Exercise requirements -
All entries must be repeated exactly; do not include the pictures.
[Entries provided — start]
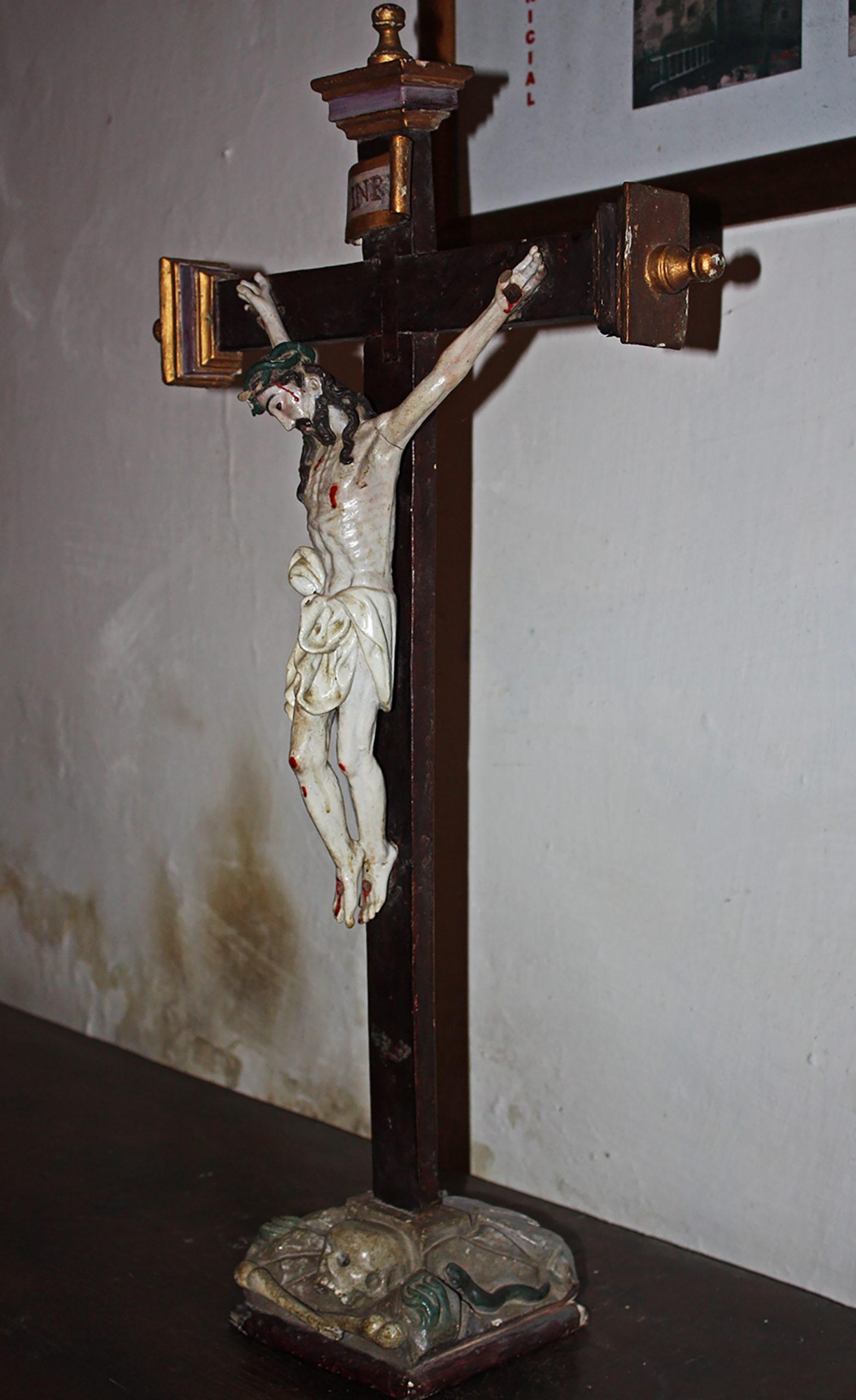 En la sacristía se encuentra una pieza de madera de significativa factura. Se trata de una cruz de madera con remates metálicos en los brazos.
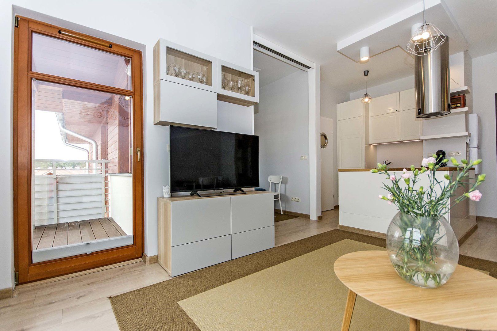 Sand to apartament 4 osobowy o powierzchni 33m2. Składa się z salonu z aneksem kuchennym, z którego można wyjść na balkon, sypialni z łóżkiem małżeńskim oraz łazienki z prysznicem. W salonie umieszczona jest rozkładana sofa. Apartament znajduje się na 4 piętrze w budynku z windą. W obiekcie mogą przebywać zwierzęta za dodatkową opłatą. Na osiedlu nie ma możliwości zaparkowania na wyznaczonych miejscach.
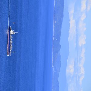 ~番外編~ 🎵 海は 広いな 大きいな~ 🎵 といっても、瀬戸内海。😂 向こうに 見えるのは、周防大島。 おたまじゃくし のような島の、しっぽの部分だよ。 さらに 向こうの山々は、四国・・・😲 毎日 暑い中、ちょっとした 涼感をネ・・・😋 🏷土曜はお空の発表会 🏷雲仲間 🏷美しく青きドヨウ
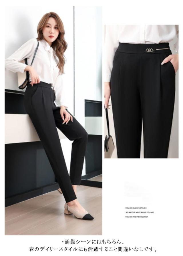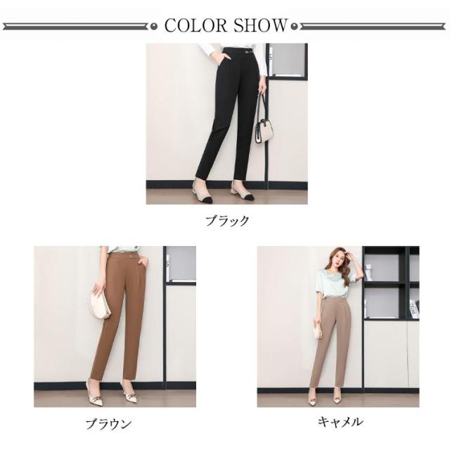 テーパードパンツ レディース ウェストバックゴム タック入り 細身 美脚パンツ ポケット付き 通勤 オフィスカジュアル 春 秋 全3色
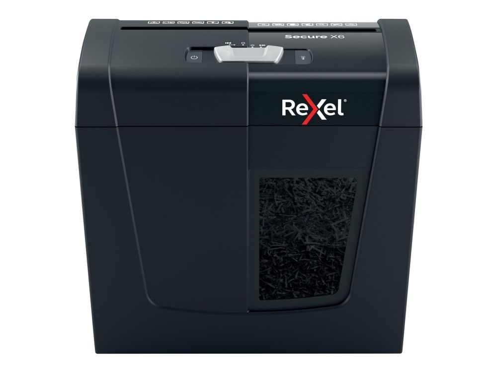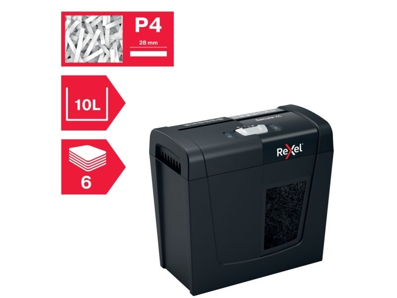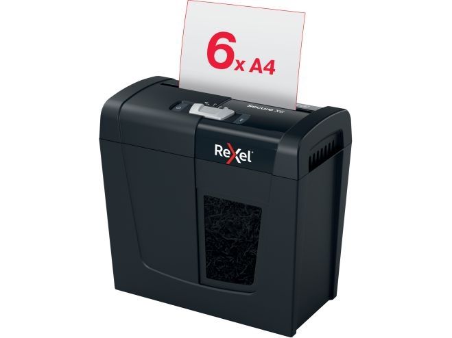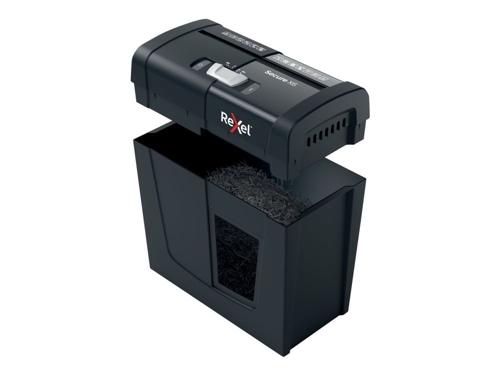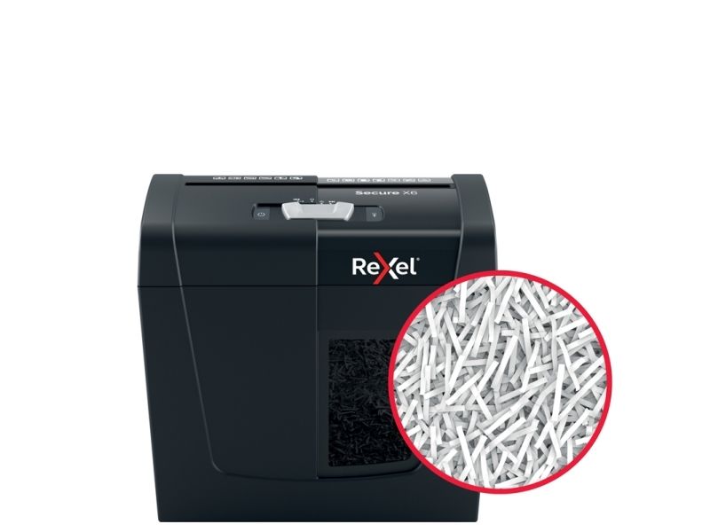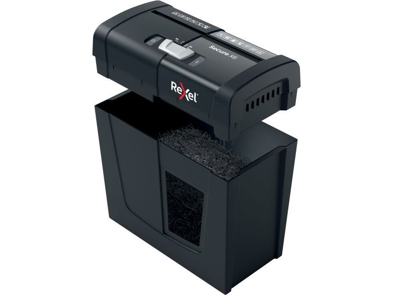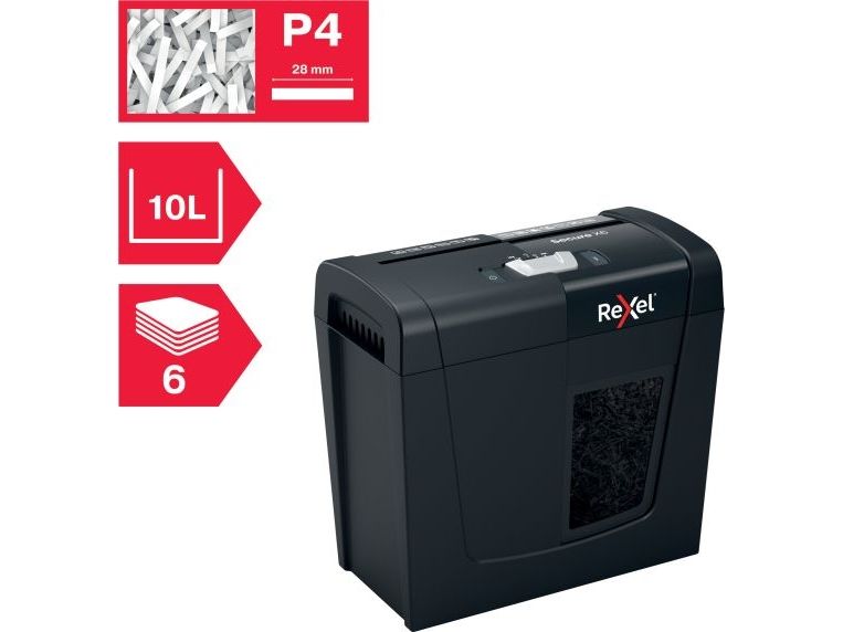 Rexel's range of Secure paper shredders are ideal for destroying your personal documents and sensitive information at home. The Secure X6 shredder machine shreds up to 6 sheets of A4 paper (80gsm) in one go through the manual feed slot into P-4 (4x40mm) cross cut pieces. This cross cut shredder is small and compact making it a perfect home shredder for use in a home office; it is also an ideal personal office shredder that fits conveniently under a desk. Designed for light to moderate use with a 10L bin capacity.
[Entries provided — finish]
Answer area -
 En la sacristía se encuentra una pieza de madera de significativa factura. Se trata de una cruz de madera con remates metálicos en los brazos.
 Sand to apartament 4 osobowy o powierzchni 33m2. Składa się z salonu z aneksem kuchennym, z którego można wyjść na balkon, sypialni z łóżkiem małżeńskim oraz łazienki z prysznicem. W salonie umieszczona jest rozkładana sofa. Apartament znajduje się na 4 piętrze w budynku z windą. W obiekcie mogą przebywać zwierzęta za dodatkową opłatą. Na osiedlu nie ma możliwości zaparkowania na wyznaczonych miejscach.
 ~番外編~ 🎵 海は 広いな 大きいな~ 🎵 といっても、瀬戸内海。😂 向こうに 見えるのは、周防大島。 おたまじゃくし のような島の、しっぽの部分だよ。 さらに 向こうの山々は、四国・・・😲 毎日 暑い中、ちょっとした 涼感をネ・・・😋 🏷土曜はお空の発表会 🏷雲仲間 🏷美しく青きドヨウ
 テーパードパンツ レディース ウェストバックゴム タック入り 細身 美脚パンツ ポケット付き 通勤 オフィスカジュアル 春 秋 全3色
 Rexel's range of Secure paper shredders are ideal for destroying your personal documents and sensitive information at home. The Secure X6 shredder machine shreds up to 6 sheets of A4 paper (80gsm) in one go through the manual feed slot into P-4 (4x40mm) cross cut pieces. This cross cut shredder is small and compact making it a perfect home shredder for use in a home office; it is also an ideal personal office shredder that fits conveniently under a desk. Designed for light to moderate use with a 10L bin capacity.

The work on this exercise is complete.